## How to complete this task
Shown below are entries with pictures; the line with "강화군장애인복지관은 지난 20일, 복지관" through the line with "當月壽星用餐,整桌都享有85折!!太佛心了~" is the span to retype exactly, and the pictures stay out.

[Records to process Boundary: Start]

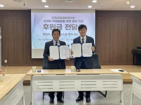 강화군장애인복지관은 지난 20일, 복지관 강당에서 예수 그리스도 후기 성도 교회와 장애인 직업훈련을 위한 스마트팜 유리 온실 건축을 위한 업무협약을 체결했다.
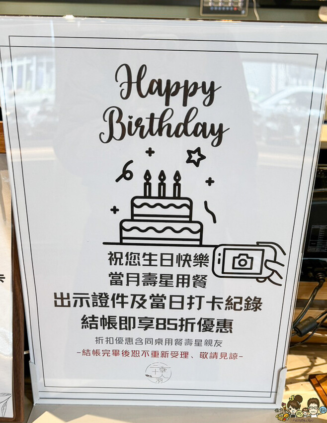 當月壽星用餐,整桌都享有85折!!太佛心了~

[Records to process Boundary: End]
[Records to process Boundary: Start]

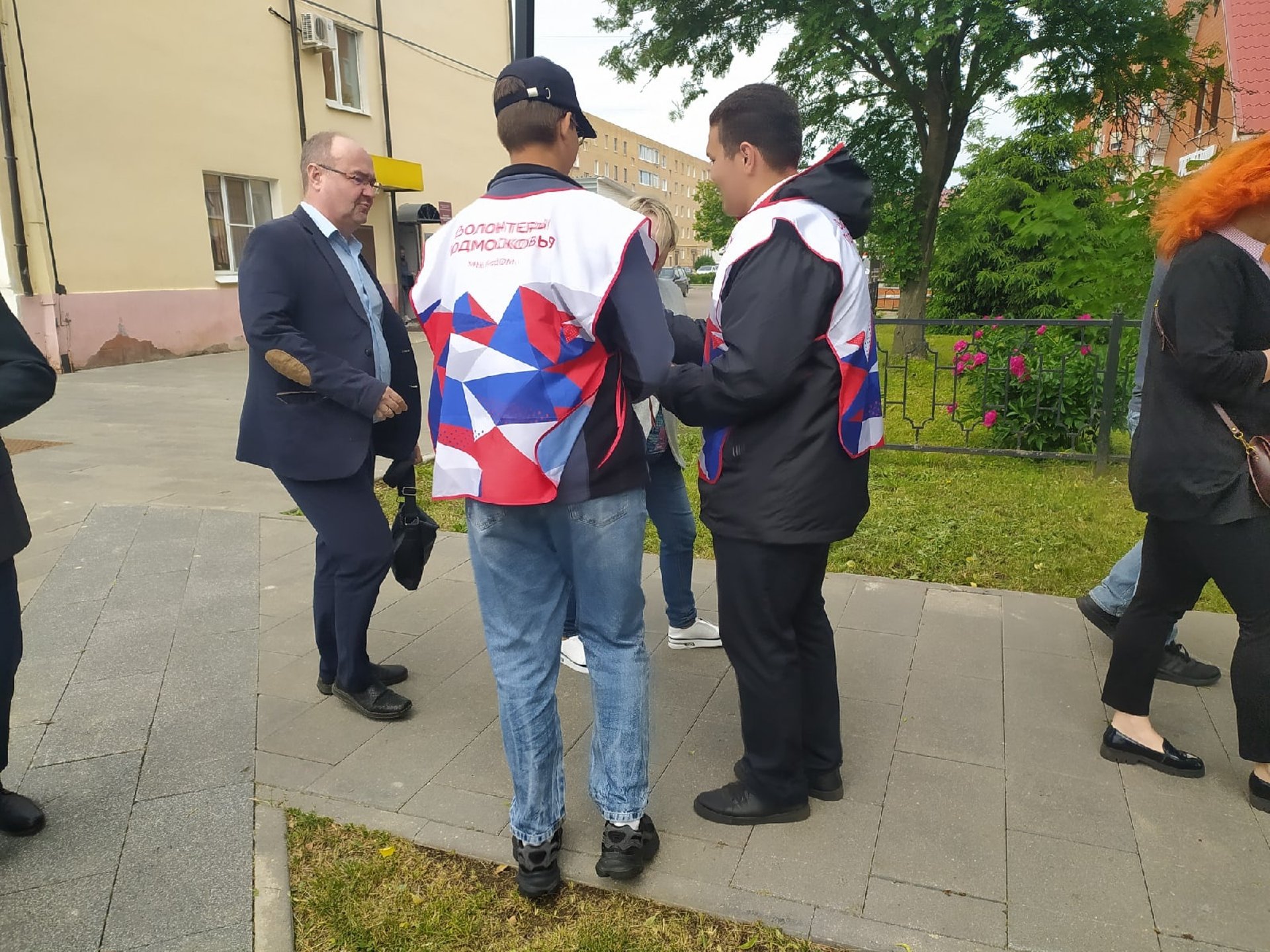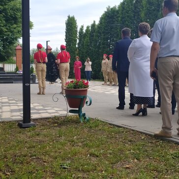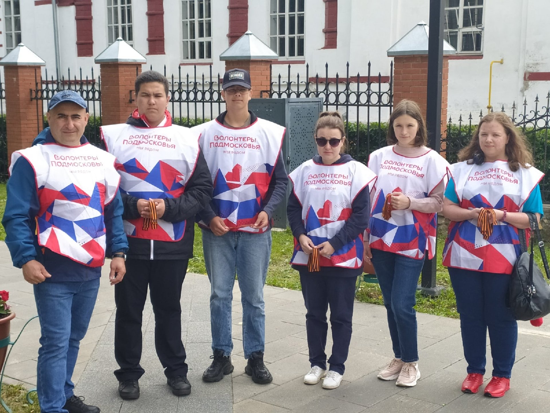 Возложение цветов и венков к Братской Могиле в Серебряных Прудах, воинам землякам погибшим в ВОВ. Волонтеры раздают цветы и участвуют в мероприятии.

[Records to process Boundary: End]

## Finished task
 강화군장애인복지관은 지난 20일, 복지관 강당에서 예수 그리스도 후기 성도 교회와 장애인 직업훈련을 위한 스마트팜 유리 온실 건축을 위한 업무협약을 체결했다.
 當月壽星用餐,整桌都享有85折!!太佛心了~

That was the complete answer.